The Case of Novak Djokovic – How Do Concierge Doctors Deal With Vaccine Mandates?

By HealthClic, Concierge Medicine in London

novak djokovic lifting trophy

At the start of 2022, the world was in utter shock when tennis player and world number 1 Novak Djokovic had his visa cancelled and was banned from competing in the Australian Open. Djokovic had been granted a VISA through a medical exemption to enter the country – despite not being vaccinated against COVID-19. Mr Djokovic had provided proof of recent PCR-confirmed SARS-CoV-2 infection within the past 6 months.
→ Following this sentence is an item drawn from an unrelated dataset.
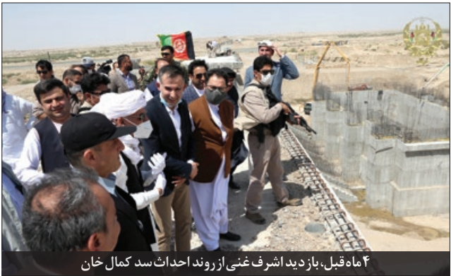
۴ ماه قبل، یازدید اشرف غنی از روند احداث سد کمال خان

■ تأخیر افغانستانی‌ها در تدوین سند راهبردی مشترک نکته مهم در این موضوع این است که ایران و افغانستان چند سالی است که تدوین یک سند جامع راهبردی بین دو کشور را آغاز کرده‌اند. پنج کمیته مسئولیت تدوین این سند را بر عهده دارند که یکی از آن‌ها، کمیته «آب» است که تمامی موضوعات مربوط به آب‌های رودخانه مشترک دو کشور در این کمیته بررسی و نهایی می‌شود. شکل‌گیری این کمیته یکی از اقدامات دیپلماتیک موثر بین دو کشور بوده که می‌تواند اختلافات موجود بر سر حقابه را حل و فصل کند اما متأسفانه به رغم پیگیری‌های مسئولان کشور ما برای نهایی شدن مباحث در این کمیته، تاخیرهای طرف مقابل مانع از به سرانجام رسیدن آن شده و این سند هنوز نهایی نشده است.

He was held by immigration control for a few days, due to not being fully vaccinated or providing sufficient documents as proof for his exemption. Eventually, after being held for a few days, he was released and allowed to continue with his plans to compete in the Australian Open, but sadly only days later his visa was cancelled again and he was forced to return home. There was outcry from fans around the world, and this drama raised serious concerns amongst many individuals around the world about what vaccine mandates could mean for the average person who just wanted to do his/her job.


What Are The Consequences Of Being Unvaccinated?


These vaccinations against COVID-19 intend to reduce chance of developing serious illness following COVID-19 infection, but unfortunately some variants have shown a high prevalence amongst not only the unvaccinated, but even vaccinated people. Whilst COVID-19 vaccines reduce the risk of serious disease, they are not necessarily going to stop you from catching the virus itself. Most healthy people (vaccinated and unvaccinated) may find that they have relatively mild symptoms when they contract COVID-19, and as a result appear to be less likely to spread it compared to people who have acute symptoms that may include coughing, sneezing, runny nose, etc.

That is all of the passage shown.